The plastic surgeon’s billing department had double-dipped.
Lisa suggested that Jenny request an itemized receipt for the plastic surgeon’s fee, so it could be written off as a deduction on her income taxes. They discovered that the plastic surgeon had already been fully reimbursed by her insurance company — without telling her. That resulted in an $18,000 refund of the money Jenny had paid. That’s disturbing — but also a big win!
The hospital’s balance bill contained many mistakes.
Lisa found multiple errors in the hospital’s balance bill.
• There was still the problem with Blue Cross Blue Shield being billed, when it should have been Cigna.
• The markup on the screws used in the spinal surgery was 50% higher than the prices listed on the hospital’s website.
• The itemized bill included a mysterious $14,582 “surcharge” that the hospital claimed was some sort of state tax. There was no such tax, Lisa said.
• Jenny’s family had paid $98,902 for the hospital bill, but the itemized bill showed the payment as $96,208 – an obvious error an elementary schooler could have identified.
It took Lisa about 15 hours, dozens of phone calls and several FedEx letters to billing departments, but the hospital eventually dropped the entire balance bill. Bam – $69,805 saved. Another big win. But again, it feels bittersweet to me. The surgeon charged an exorbitant price and refused to help the family get it covered by insurance. That’s a cruel and uncaring way to treat a family in need. Plus, at that price we know it creates issues with access to care. Jenny recognizes that most families would not have the means to pay cash for such an operation.
Lisa said the case underscores the importance of bringing in a patient advocate early – especially when the stakes are high. Earlier in her career she did estate planning, a field where people know they need an expert and readily hire one for guidance.
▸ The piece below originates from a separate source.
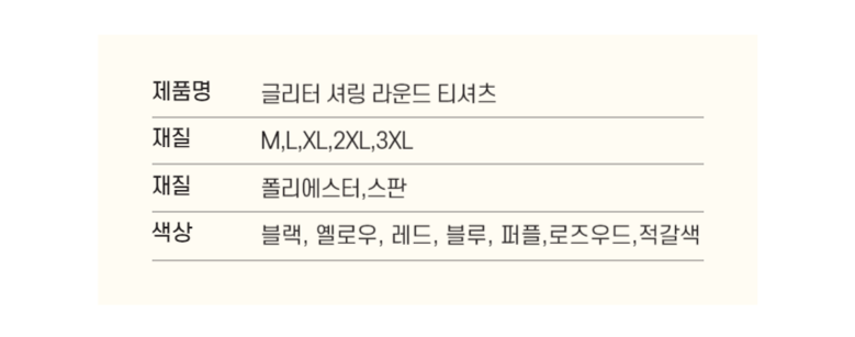 | 품명 및 모델명 | 글리터 셔링 반팔복 | 인증/허가 사항 | 해당사항없음 |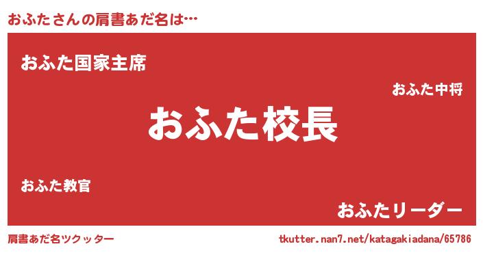 | ヒーロー風カッコイイあだ名 | 『ネオオフタ』『ウルトラおふたマン』 |

People need to bring in a professional patient advocate to assist with their medical decisions, she said. If she had been involved earlier, she might have been able to get the surgeon’s fee covered by insurance. When health care providers are setting cash prices, Lisa said, they know they can name any cash price on any given day. “There are no price constraints on cash pricing,” Lisa said. “Often, there’s no legitimate basis to what you are being charged – none, absolutely zero.”
Jenny feels like she’s been bludgeoned by the American health care system – the same system she has to trust for the ongoing care of her daughter. “This shouldn’t be happening,” she said. “This isn’t right. It’s just unfair.”
A similar bludgeoning, by the way, is what happens every day to employers and working Americans, who keep paying more and more for health care and getting less and less for their money. After months of anxiety and sleepless nights over the bogus bill, Jenny is also irked that the hospital never did admit fault. It just wrote off the balance to zero. That’s a nice outcome, but doesn’t reassure her that the same thing won’t happen again to someone else. “Not to sound too negative, but I think our health system is extremely dysfunctional,” Jenny said.